De organisaties die deelnemen aan het casusoverleg treden elk individueel op als verwer­kingsverantwoordelijke als vermeld in artikel 4, 7), van de algemene verordening gegevensbescherming. Elke organisatie is zelf verantwoordelijk voor de persoonsgegevens die zij delen op een casusoverleg. Als gevolg van deze regeling is elke organisatie individueel verantwoordelijk voor het treffen van passende beveiligingsmaatregelen. In het kader van transparantie nemen de organisaties passende maatregelen ten aanzien van de betrokkenen. De verwerking van persoonsgegevens in het kader van dit decreet moet voldoende duidelijk zijn voor de betrokkenen. Dit betekent dat organisaties transparant zijn over de mogelijkheid tot deelname aan een casusoverleg en de geheimhoudingsplicht die daaruit voortvloeit. De communicatie over deze regeling dient ter beschikking te worden gesteld in een beknopte, transparante, begrijpelijke en gemakkelijk toegankelijke vorm. In de privacyverklaring kan een eventuele afzonderlijke regeling m.b.t. het casusoverleg worden toegevoegd, waarin geduid wordt op welke wijze de rechten van de betrokkene en de verplichtingen uit artikel 13 en 14 AVG zullen worden nageleefd.”

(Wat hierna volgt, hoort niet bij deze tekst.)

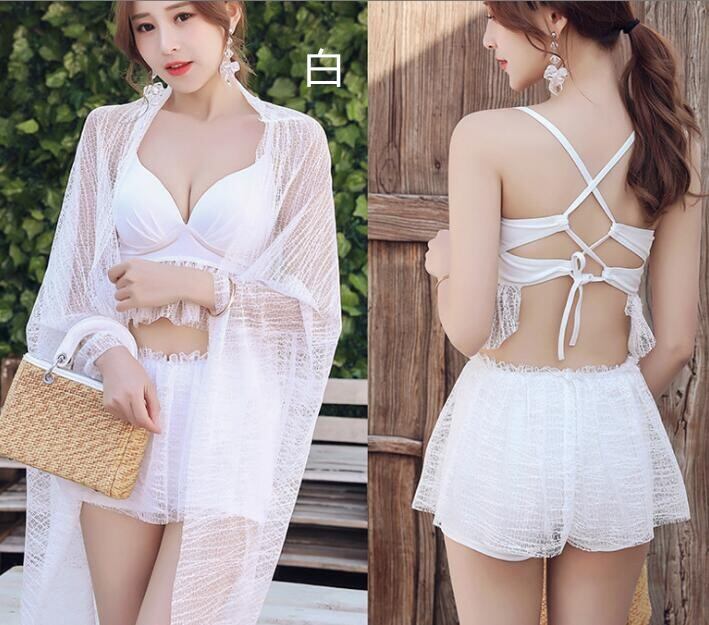 3点セット三角ビキニ 胸寄せ水着 紫外線対策 ワイヤーあり クロス チュール

De persoonsgegevens die verkregen zijn in het kader van een casusoverleg, worden niet langer bewaard dan noodzakelijk voor het doeleinde van de gegevensverwerking. Wanneer de persoonsgegevens worden opgenomen in een gezamenlijke dossieromgeving, bepalen de deelnemers voor de start van het casusoverleg een maximale bewaartermijn voor de gegevens die bewaard worden in de gezamenlijke dossieromgeving. Indien er geen gezamenlijke dossieromgeving is, worden de persoonsgegevens in de dossiers van de verschillende deelnemers geregistreerd en zal bijgevolg hun eigen bewaartermijn van toepassing zijn.